Волей-неволей задыхающейся от ярости Марианне пришлось позволить грубым лапам Санчеца копаться в ее волосах в поисках шпилек, но, верная своему обещанию, она не произнесла ни слова. За несколько секунд с этим было покончено… Все трое вышли через проход, хлопнула дверца, послышался лязг задвижки и тяжелого железного бруса, как в настоящей тюрьме, затем сухое шуршание, словно вход засыпали соломой. Очевидно, это и было так, потому что она услышала одобрительный голос мужчины в шляпе:
– Вот так хорошо! Дверь совершенно не видно. Но тем не менее будь начеку, Санчец! Мне сказали, что до зимы сюда никто не придет, но никогда не знаешь…
В глубине своего пахучего и к тому же довольно мягкого ложа Марианна про себя благословила память тетки Эллис, которая настояла, чтобы она выучила несколько иностранных языков. Сегодня вечером знание испанского оказалось тем более ценным, что Пилар, очевидно, забыла, что она превосходно говорит на кастильском наречии, и смогла понять все, чем обменивались ее похитители на родном языке. Одно она установила точно: ее заперли в таком месте, где, по-видимому, никто не сможет обнаружить, но, похоже, были приняты все возможные предосторожности, чтобы, кроме тех, кто участвовал в похищении, остальные не знали о ее присутствии в этом амбаре. Оставалось узнать, кто же были в такое случае эти «остальные». В разгоряченном мозгу Марианны неоднократно возникала мысль, сначала, когда она узнала о расстоянии в семь лье от Парижа, затем при бряцании оружия, когда проехали ограду, где именно она находится. Если добавить к этому протяженность парка и предосторожности, чтобы скрыть ее присутствие, затем сообщения Талейрана и Жоливаля относительно гостеприимства, оказанного Пилар королевой Испании, и ухаживания некоего Алонзо Васкеца за испанкой, вполне вероятно предположить, что ее привезли в Мортфонтен, в обширное поместье, где жила супруга Жозефа Бонапарта, тогда как ее царственный повелитель пытался править в Мадриде. Конечно, устройство тюрьмы в угодьях одного из Бонапартов является доказательством смелости и бесцеремонности, но Марианна была убеждена, что ни Пилар, ни ее сообщникам их не занимать. К тому же укрытие было идеальным! Какой полицейский осмелится рыскать по землям старшего брата Наполеона? Один Фуше был бы на это способен, но Фуше далеко, и Марианна впервые искренне об этом пожалела.
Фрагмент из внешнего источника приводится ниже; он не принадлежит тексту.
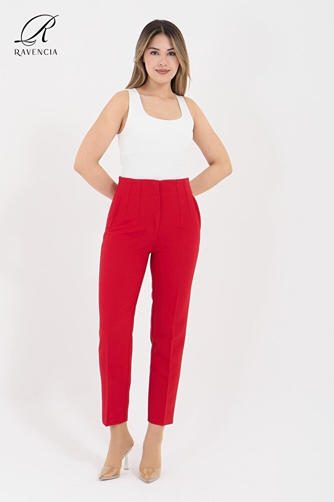 Kadın Model Yüksek Bel Kumaş Koyu Kırmızı Pantolon

В окутывавшей ее тьме она ощутила, как вместе с бесплодными сожалениями коварно возвращается страх. Ей не следовало слишком много думать об опасности, представлявшей для Язона ее похищение. Надо сохранить ясность мыслей, чтобы лучше бороться. И прежде всего отдохнуть, поспать… Разбитое усталостью тело и горящие от напряжения глаза настоятельно требовали этого.
Марианна закопалась поглубже в сено и снова сомкнула веки, пытаясь, как в детстве, отогнать молитвами тревожащие ночные тени, но ее мысли неотвратимо возвращались к Язону, к тем минутам, что они пережили вместе, к неистовому наслаждению, равно близкому исступлению восторга и мучительной боли, которое она познала в его объятиях и которое он разделил с ней, к сладости его торопливых поцелуев, когда пришла разрядка и успокоение, бывшее только прелюдией к новому неистовству их общего желания, затем к щемящей тоске разлуки… У них было так мало времени! Свободными, они могли бы отдаваться любви днем и ночью, умирать от счастья и снова воскресать, чтобы наслаждаться совершенством их любви…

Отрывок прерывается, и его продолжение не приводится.